On 19 July 2011, the Basel Committee on Banking
Supervision ("BCBS") and the Financial Stability Board ("FSB") published two
papers relating to entities regarded as globally systemic important financial
institutions ("G-SIFIs"). The first paper prepared by the BCBS which we
consider in more detail below sets out proposals for an assessment methodology
for determining whether a banking institution should be regarded as a globally systemically
important bank ("G-SIB") and the additional capital requirements that G-SIBs
should be subject to.
The second paper prepared by the FSB, which we will
discuss in a separate alert, sets out proposals for a
framework for the resolution of failing institutions.
In finalising its new Basel III framework at the end of
2010, the BCBS mandated all banks to hold significantly more capital than is
currently the case as well as introducing new leverage and liquidity ratios. The
changes included increasing the minimum amount of common equity (principally ordinary
shares and retained earnings) to be held by banks from 2% to 4.5% of risk
weighted assets during a transitional period between 1 January 2013 and 1
January 2015, with total tier 1 capital rising from 4% of risk weighted assets
to 6% during the same period. Banks will also be required to build up a capital
conservation buffer to be comprised of common equity of up to 2.5% of risk
weighted assets and may also be subject to additional counter cyclical buffers
that can be imposed by local regulators.
The Basel III rules apply to all banks.
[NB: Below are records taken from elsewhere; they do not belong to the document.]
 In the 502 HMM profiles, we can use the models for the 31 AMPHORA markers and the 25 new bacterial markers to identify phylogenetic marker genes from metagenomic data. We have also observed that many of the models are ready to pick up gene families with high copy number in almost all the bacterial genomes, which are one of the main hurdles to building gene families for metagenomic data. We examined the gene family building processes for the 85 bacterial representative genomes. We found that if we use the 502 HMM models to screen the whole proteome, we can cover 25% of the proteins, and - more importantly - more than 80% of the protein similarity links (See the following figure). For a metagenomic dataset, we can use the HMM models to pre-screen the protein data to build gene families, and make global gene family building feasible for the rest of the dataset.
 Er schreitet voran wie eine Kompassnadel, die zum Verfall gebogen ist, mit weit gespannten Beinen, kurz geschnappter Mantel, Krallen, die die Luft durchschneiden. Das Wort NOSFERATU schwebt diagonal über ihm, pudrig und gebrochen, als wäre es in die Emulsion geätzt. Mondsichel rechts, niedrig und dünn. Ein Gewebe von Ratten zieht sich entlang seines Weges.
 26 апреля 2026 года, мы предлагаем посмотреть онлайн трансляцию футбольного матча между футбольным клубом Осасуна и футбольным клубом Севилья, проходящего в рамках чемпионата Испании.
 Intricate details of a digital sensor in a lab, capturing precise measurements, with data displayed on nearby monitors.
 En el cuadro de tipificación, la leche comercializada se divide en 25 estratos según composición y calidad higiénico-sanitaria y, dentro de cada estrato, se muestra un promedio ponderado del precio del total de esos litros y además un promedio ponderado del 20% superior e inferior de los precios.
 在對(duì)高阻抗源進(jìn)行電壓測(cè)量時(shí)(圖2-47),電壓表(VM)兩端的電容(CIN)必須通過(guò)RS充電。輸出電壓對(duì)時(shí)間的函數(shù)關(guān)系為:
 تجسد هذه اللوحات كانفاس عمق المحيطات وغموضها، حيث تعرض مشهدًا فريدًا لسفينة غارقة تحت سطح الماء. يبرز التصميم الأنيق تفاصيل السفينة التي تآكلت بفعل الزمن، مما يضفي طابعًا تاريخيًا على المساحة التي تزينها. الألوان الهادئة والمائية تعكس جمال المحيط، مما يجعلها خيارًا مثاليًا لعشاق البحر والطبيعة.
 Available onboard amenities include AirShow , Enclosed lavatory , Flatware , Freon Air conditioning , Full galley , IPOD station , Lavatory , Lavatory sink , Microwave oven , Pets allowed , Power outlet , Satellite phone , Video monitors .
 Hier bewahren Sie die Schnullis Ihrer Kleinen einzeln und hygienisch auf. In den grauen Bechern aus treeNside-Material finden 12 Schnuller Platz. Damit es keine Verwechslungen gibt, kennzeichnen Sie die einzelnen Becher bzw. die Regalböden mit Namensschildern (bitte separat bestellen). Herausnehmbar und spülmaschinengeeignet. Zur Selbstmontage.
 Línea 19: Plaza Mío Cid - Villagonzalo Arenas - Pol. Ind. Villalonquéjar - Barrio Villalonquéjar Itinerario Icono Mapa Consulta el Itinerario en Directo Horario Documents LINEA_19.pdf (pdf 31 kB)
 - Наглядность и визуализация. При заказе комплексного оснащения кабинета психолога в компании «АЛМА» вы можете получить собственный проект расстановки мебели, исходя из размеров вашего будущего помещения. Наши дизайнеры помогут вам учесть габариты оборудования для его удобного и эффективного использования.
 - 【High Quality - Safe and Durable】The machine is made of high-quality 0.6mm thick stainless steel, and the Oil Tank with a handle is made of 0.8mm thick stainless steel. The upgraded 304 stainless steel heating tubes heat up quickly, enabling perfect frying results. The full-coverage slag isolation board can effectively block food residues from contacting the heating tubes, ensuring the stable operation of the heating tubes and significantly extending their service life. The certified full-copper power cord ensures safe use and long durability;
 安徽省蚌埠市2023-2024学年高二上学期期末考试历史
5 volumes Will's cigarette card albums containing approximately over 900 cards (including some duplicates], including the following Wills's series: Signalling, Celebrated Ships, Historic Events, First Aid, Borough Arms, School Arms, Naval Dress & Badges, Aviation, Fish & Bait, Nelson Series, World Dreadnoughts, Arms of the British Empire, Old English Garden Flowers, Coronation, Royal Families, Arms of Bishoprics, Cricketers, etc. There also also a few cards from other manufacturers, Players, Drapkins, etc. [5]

In addition, the
FSB and the BCBS have been considering additional rules to apply to the largest
global banks to deal with concerns that such banks are regarded as too big to
fail (meaning relevant governments would, as in the financial crisis, be
prepared to use public funds to bail them out rather than face the systemic
consequences of their failure). The FSB has previously outlined the moral
hazard risks it believes arise from such institutions being regarded as too big
to fail4 and mandated the BCBS to develop a methodology to assess the systemic
importance of G-SIBs and additional measures that should be put in place to enhance
their ability to absorb losses. This work was endorsed by the G-20 group of
nations at their meeting in Seoul in November 2010. The BCBS paper referred to
above sets out its proposals in this regard and, following the end of the
consultation process, the BCBS is expected to present its final proposals to
the next G-20 meeting in Cannes in November 2011.